Please transcribe exactly, and only, the lines of the data below between the line holding "In previous releases, the" and the line holding "此外,据央视新闻报道,当地时", inclusive.

● EXCERPTED RECORDS:
= = =
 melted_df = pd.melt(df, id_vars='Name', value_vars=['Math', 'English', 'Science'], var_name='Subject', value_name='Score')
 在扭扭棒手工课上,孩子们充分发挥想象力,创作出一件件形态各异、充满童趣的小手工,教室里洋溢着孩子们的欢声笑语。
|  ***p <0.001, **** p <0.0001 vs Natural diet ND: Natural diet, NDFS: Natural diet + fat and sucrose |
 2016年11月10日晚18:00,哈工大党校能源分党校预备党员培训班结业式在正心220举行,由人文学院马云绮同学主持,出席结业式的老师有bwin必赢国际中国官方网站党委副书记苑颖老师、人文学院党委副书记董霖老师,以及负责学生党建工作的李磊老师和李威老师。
= = =
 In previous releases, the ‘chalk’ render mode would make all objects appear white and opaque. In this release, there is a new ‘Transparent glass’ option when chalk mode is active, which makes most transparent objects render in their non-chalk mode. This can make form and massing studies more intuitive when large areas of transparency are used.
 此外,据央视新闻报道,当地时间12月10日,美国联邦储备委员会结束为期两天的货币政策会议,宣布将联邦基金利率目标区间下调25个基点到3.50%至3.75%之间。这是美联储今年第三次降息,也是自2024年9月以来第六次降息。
= = =
● ANSWER FOR THIS EXERCISE:
 In previous releases, the ‘chalk’ render mode would make all objects appear white and opaque. In this release, there is a new ‘Transparent glass’ option when chalk mode is active, which makes most transparent objects render in their non-chalk mode. This can make form and massing studies more intuitive when large areas of transparency are used.
 此外,据央视新闻报道,当地时间12月10日,美国联邦储备委员会结束为期两天的货币政策会议,宣布将联邦基金利率目标区间下调25个基点到3.50%至3.75%之间。这是美联储今年第三次降息,也是自2024年9月以来第六次降息。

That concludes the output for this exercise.